その足跡は一直線ではありませんでした。
この前例のない投資家の食欲を一手に引き起こしたのが、ムーンショットのKimi K2.5モデルです。2026年1月下旬にリリースされたK2.5は、強力な視覚能力を持つオープンソースのマルチモーダルモデルであり、当時業界トップクラスのコーディングベンチマークを達成しました。例えば、SWE-bench Verifiedで76.8%、Humanity's Last Examで50.2%というスコアです 。

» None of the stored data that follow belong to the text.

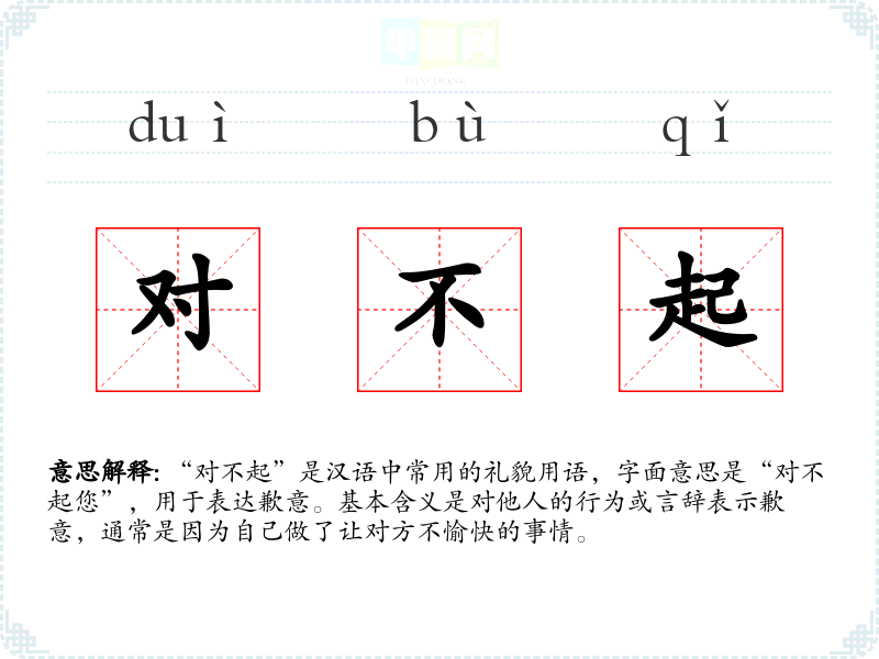 “对不起”是汉语中常用的礼貌用语,字面意思是“对不起您”,用于表达歉意。基本含义是对他人的行为或言辞表示歉意,通常是因为自己做了让对方不愉快的事情。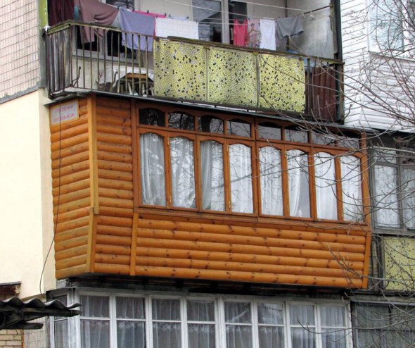 "Коли ти в хрущобі, а ти - в теремі", - прокоментували користувачі соцмережі оббитий деревом балкон на Борщагівці.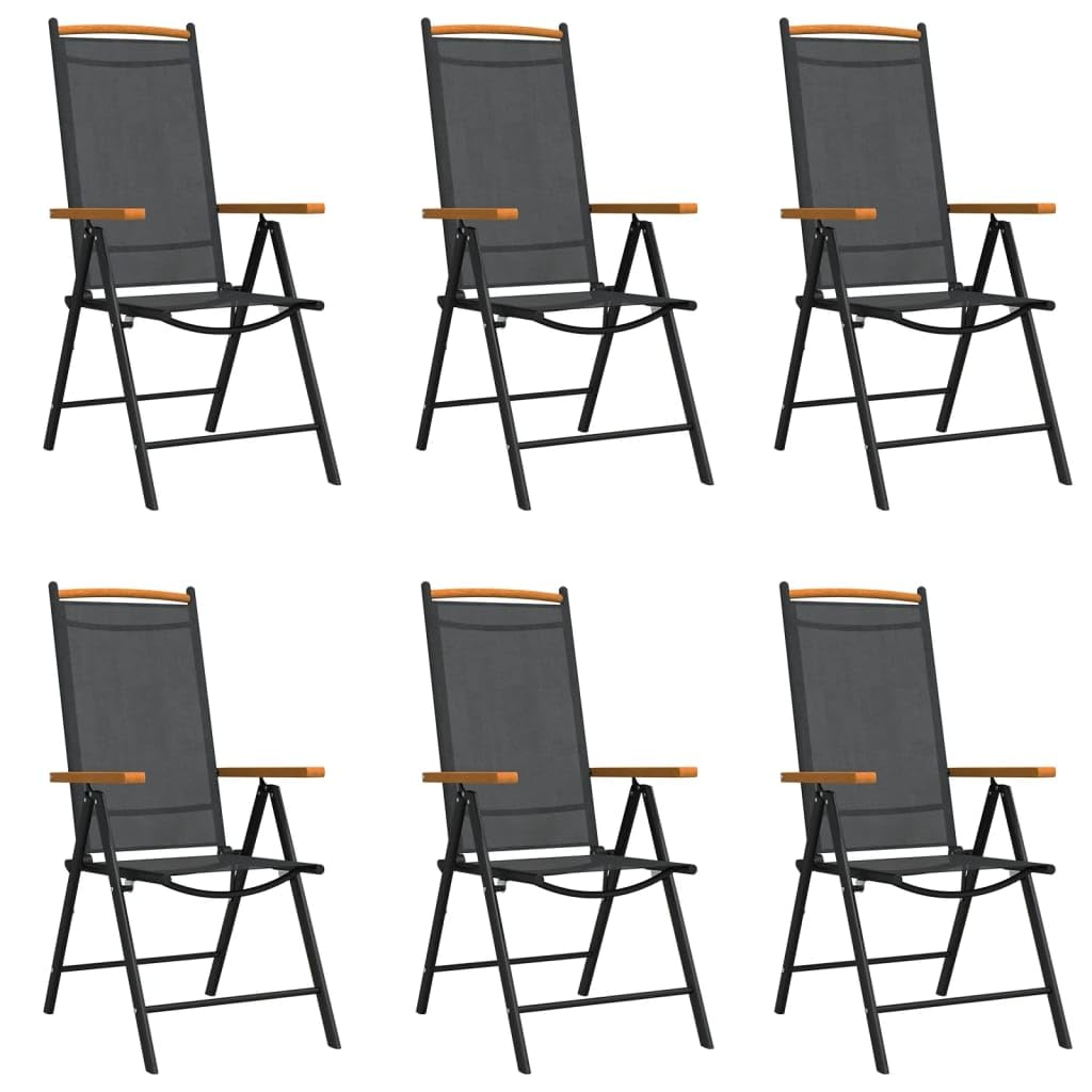 The powder-coated aluminum frame makes the furniture set very sturdy and durable. The garden chairs have soft-to-touch textilene seats and backrests, adjustable in 7 positions, so you can always find the most comfortable seating position. The armrests and top bar add to the chairs' stylish look. The armchairs can be folded to save space when not in use. The table features a WPC tabletop, which is easy to clean and suitable for outdoor use.

その商業的なインパクトは即時的かつ極端なものでした。Kimi K2.5は、リリースからわずか20日間で、ムーンショットAIが2025年通年で稼いだ総収益を上回る収益を生み出しました。この事実は、同社が有料サブスクリプションを開始したのが2025年9月であったことを考えると、さらに驚異的です 。3月までに年間経常収益(ARR)は1億ドルを突破し、4月には有料会員とAPI利用の急増により、2億ドル超へと倍増しました
。
このモデルの成功は、ムーンショットAIの収益の地理的構造をも根本から変えました。K2.5のリリース後、世界中の開発者がCursorやOpenRouterといったプラットフォームを通じて複雑なコーディングタスクにK2.5を採用した結果、2026年2月、同社の海外収益が初めて国内収益を上回りました 。リリースから数日のうちに、世界中の有料ユーザー数は4倍に膨れ上がったのです
。
ムーンショットAIの資金調達は、真空地帯で行われているわけではありません。中国のAIセクター全体が、歴史的な資金調達と株式市場ブームの真っただ中にあり、競争環境を塗り替えています。中国のAIモデル提供企業は、Xiaomi、Alibaba、Zhipu、DeepSeek、Moonshot、MiniMax、StepFun、ByteDance、Baidu、Tencentの約10社に集約され、これらが覇権を争っています 。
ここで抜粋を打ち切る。